Founded in 1995, Audible now owned by Amazon is the ultimate platform for people who love storytelling and listening to content rather than reading it. But reaching this level wouldn't have been possible for Audible without Katz's unrelenting passion. Obsessed with writing and literature, he always knew the value of stories and its voice. So coming up with something like Audible was always on the cards.
While Audible has been around globally for over a decade now, it made its debut in India recently. And just in a short duration of time, it has made quite an impact in the audio entertainment market by providing original content, over 2,00,000 English-language audiobooks. As insane as the number might sound, that's not it, one also has over 400 exclusive titles by local authors, making it an ultimate place for people who value recitals and narration.

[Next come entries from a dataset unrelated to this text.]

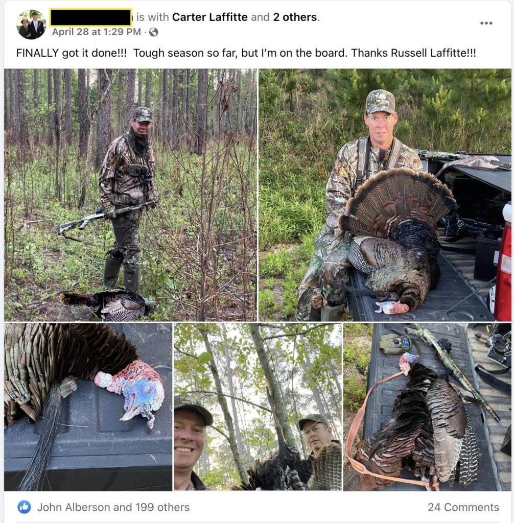 Bamberg also noted that days ago, Laffitte was out turkey hunting.
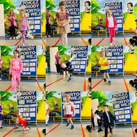 Dzieci z poszczególnych grup wychodziły na wybieg wyznaczony czerwonymi liniami, co nadawało prezentacji dodatkowego profesjonalnego charakteru. Dzieci najpierw pojedynczo prezentowały się w strojach w rytm muzyki, pokazując swoje umiejętności i talenty. Następnie, całe grupy dzieci wspólnie wchodziły na wybieg, tworząc wspaniałe i barwne obrazy, które doskonale wpisywały się w atmosferę sportowej pasji. To wspólne prezentowanie strojów dodatkowo podkreśliło zgranie i harmonię wśród uczestników oraz uczyniło to wydarzenie jeszcze bardziej pamiętnym.
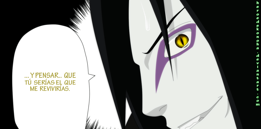 He tells him that it was started by someone else and that he is only interested is Sasuke’s body. Orochimaru tells him that he has no power to steal it because he was just recently revived. Sasuke hands over the scroll, Orochimaru asks why Sasuke wants to meet “them” for, unclear who them are. Sasuke tells Orochimaru that he currently knows nothing about it, he wants to hear everything from them.
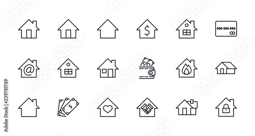 Set of house vector line icons. Contains symbols of the conclusion of the contract, heart, a drop of water, fire, money and many other things. Editable move. 32x32 pixels.
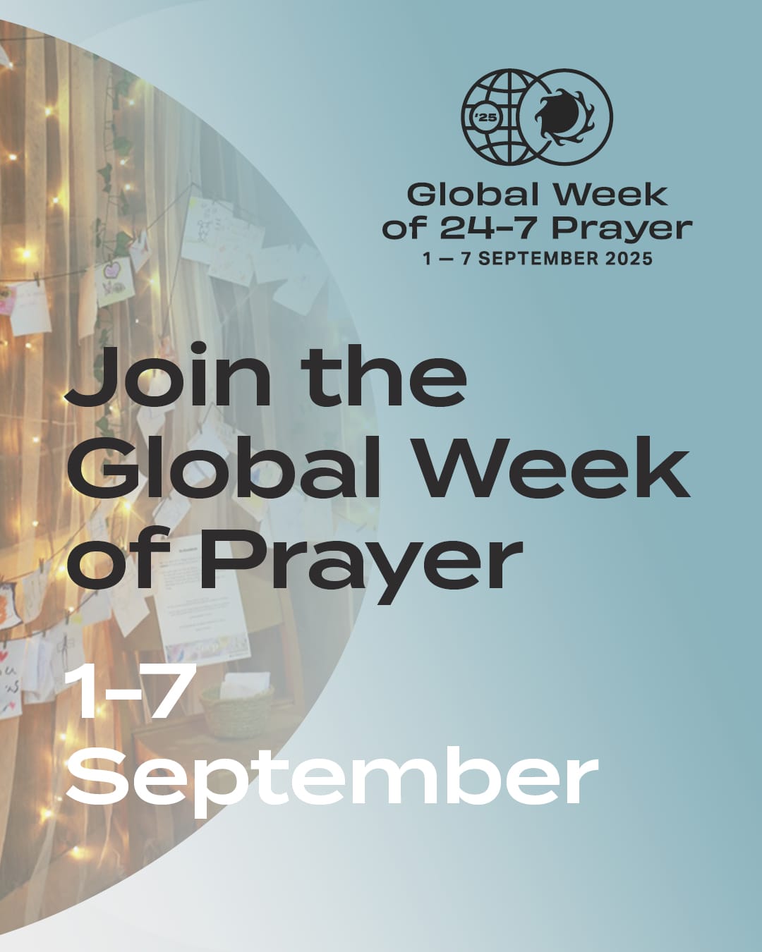 You’re invited to join in the Global Week of Prayer from 1st to 7th September, organised by 24-7 Prayer. Choose an hour to pray for our world, then put it in your calendar, and set an alarm on your phone. You can pray from home, in a church building, or on the streets. There are also opportunities to meet and pray together during the week:
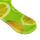 Eine helle, frische Frucht und ein fein gezapftes Design von Zitronen und Limonen Früchten, ganz fotografiert oder geschnitten. In einem zesty, tangy und saftig gestalteten Muster vor einem hellen, kalk-grünen Hintergrund angeordnet. Text in Kalkgrün lässt sich leicht an den Namen Ihrer Wahl anpassen
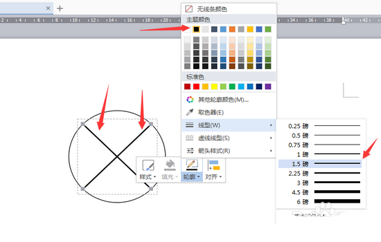 3、设置圆形的充填色为【无色】,外边框为【黑色】如下图所示。
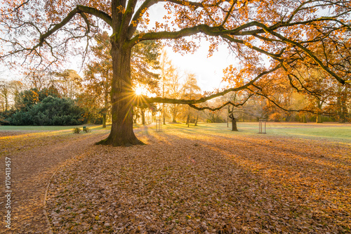 © kentauros, Naklejka premium Baum in einem Park am Herbstmorgen
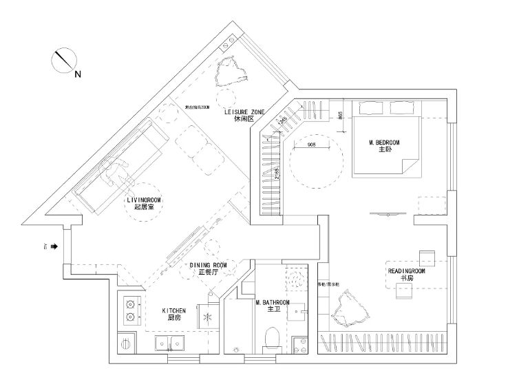 男屋主处于事业上升期,需要自己独立的书房,希望把卧室和客厅功能整合在一起;
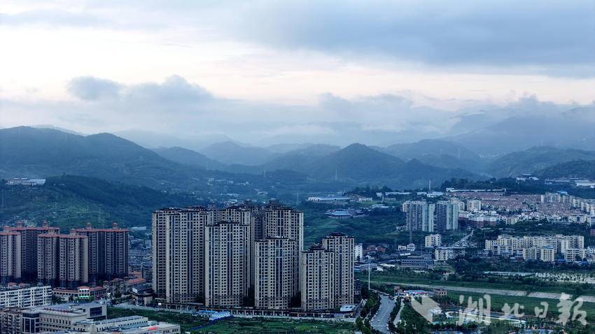 雨后初霁,郧阳城区汉江两岸远山云遮雾绕,近水清澈如镜,城市浮在水上,美不胜收。
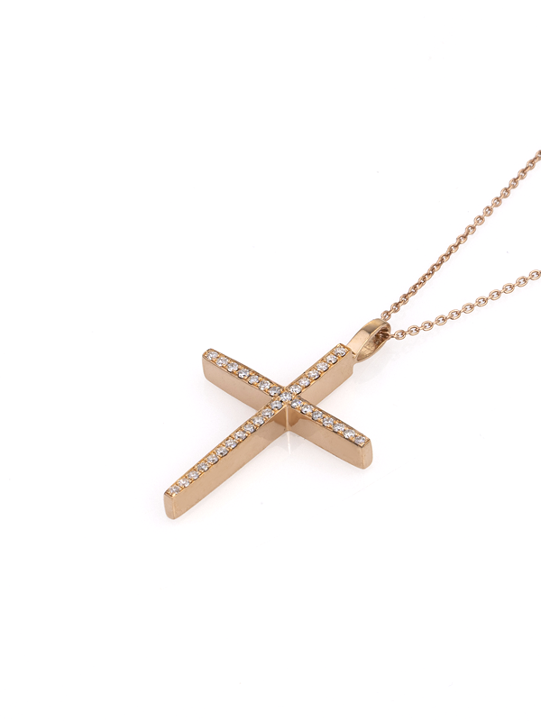 Σταυρός ροζ Χρυσός Κ18 με Διαμάντια. Αναβαθμίστε πολυτελώς τις επίσημες εμφανίσεις σας φορώντας τη λάμψη των πολύτιμων και ημιπολύτιμων λίθων.Διαλέξτε το κατάλληλο κόσμημα για εσάς ή για δώρο ανακαλύπτοντας τις ολοκληρωμένες συλλογές μας σε μοντέρνα και κλασικά σχέδια. Κάθε κόσμημα συνοδεύεται από πιστοποιητικό και εγγύηση ποιότητας PRINTEZIS.
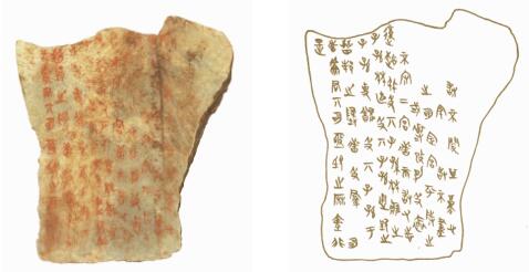 侯马盟书是用毛笔将盟辞书写在玉石片上,辞文多以朱笔书写,少数为墨笔。内容可分为主盟人誓辞、宗盟类、委质类、纳室类和诅咒类等五大类。
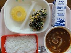 <給食コーナー「今日の献立」>今日の献立は、ご飯、牛乳、ハヤシシチュー、ほうれん草とツナのサラダ、パイン缶でした。 「ハヤシライス」は和製でしょうか? スマホの検索で調べると、定説はないようですが、洋食屋の林さんがハッシュドビーフをご飯に混ぜたことから「ハヤシ・ライス」になったようです。 私は「ハヤシライス」が苦手なのですが、矢板中の「ハヤシ」は完食でしました。 甘くないのがよかったのかもしれません。
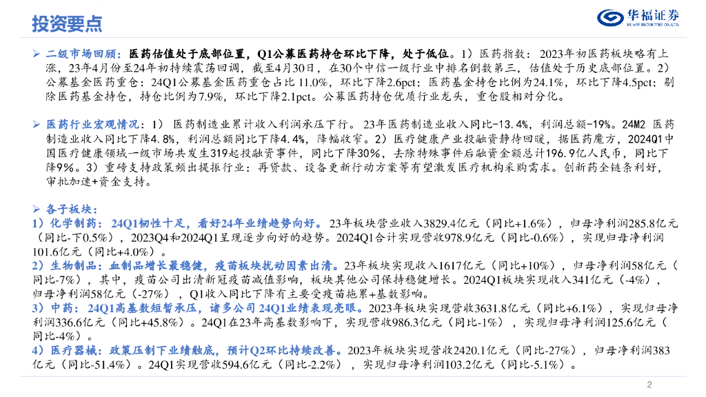 华福证券:医药板块23年年报和Q1季报总结:至暗时刻已过,静待反转.pdf
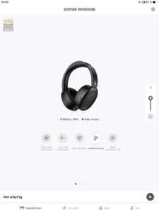 Die Geräuschkontrolle der Edifier Connect App (Android und iOS) umfasst mit „High“ und „Low“ zwei ANC-Modi, eine spezielle Variante für Windgeräusche und einen regelbaren Transparenzmodus mit sieben Intensitätsstufen. Darüber hinaus stellt die EQ-Sektion mit „Classic“ und „Dynamic“ zwei Klangmodi zur Auswahl, während das „Customized“-Setting vier Bänder für eigene Einstellungen zur Verfügung stellt, die mit Freunden ausgetauscht werden können. Neben der Anpassung des Multifunktionstasters, können Multipoint-Verbindungen (de-)aktiviert und ein Timer konfiguriert werden. Erfreulich ist, dass zudem ein Gehörschutz aktiviert werden kann, der die Wiedergabelautstärke auf 85 Dezibel begrenzt. Firmware-Updates lassen sich ebenfalls über die App-Anbindung vornehmen.
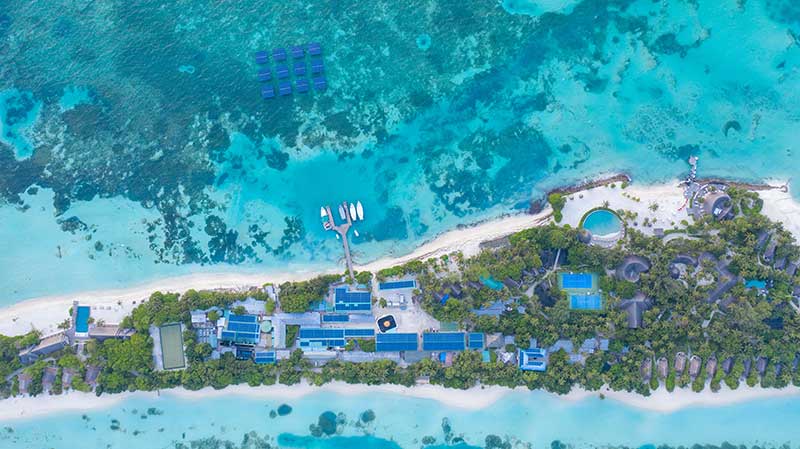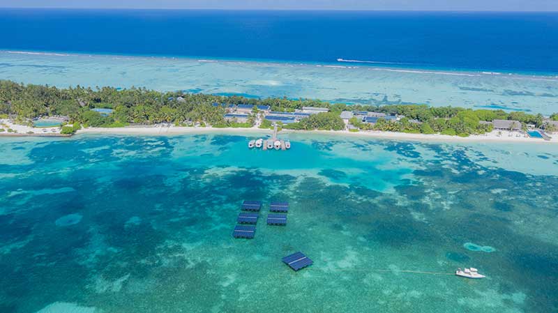 ことし7月には、首都・マーレからスピードボートで約10分のディッドゥフィノール島に世界最大級の浮体式洋上太陽光発電ユニットを敷設。同島のリゾートホテル「LUX* South Ari Atoll」の屋根にはSwimsol社の一般的な太陽光発電(487kWp/キロワットピーク)も備えており、12個のSolarSea(191kWp)を加えた合計は678kWpに。
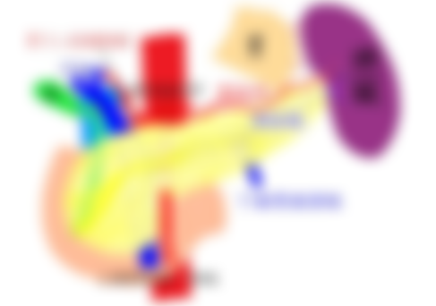 (D)胰臟呈中高度均勻之回音,位在脾靜脈的背側
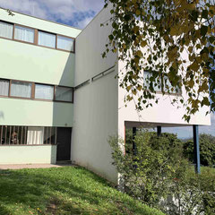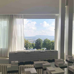Zunächst ging es ins Weißenhofmuseum auf den Killesberg, um in Le Corbusiers Architektur einzutauchen. Sein Gebäude konnte bei der Begehung mit allen Sinnen erlebt werden und uns erwartete bei strahlendem Sonnenschein auf der Dachterrasse eine weite Aussicht bis zur Arena nach Bad Cannstatt.

While he is known as a popular tech person, he was once a correspondent for Rolling Stone, where he covered terrorism and revolutions around the world and then he turned to writing. Twenty years into this profession did make him push the limit and achieve the impossible.
Before becoming the top tech CEO, he learned to depict things as they are due to his stint as a journalist. Covering wars and real-life stories affected him to the core and that's when he turned toward the books.
Katz says, "I'm lucky to have had the gift of two careers. I began my 20-year writing career for Rolling Stone as the magazine's London correspondent in the mid-'70s, and I went on to cover wars and revolutions and met the = most interesting, gifted and terrifying people. I was very affected by being part of the early days of Rolling Stone, when we felt we were imprinting the culture with something new and writing stories that depicted the world, not as it is, as a line in the Talmud phrases it, "but as we are'. There was a real élan to it." Katz left writing but his experience as a writer made him build a successful brand.
"Many elements that make Audible a distinctive company in many ways has a higher purpose drawn upon the many things I experienced as a writer," he explains.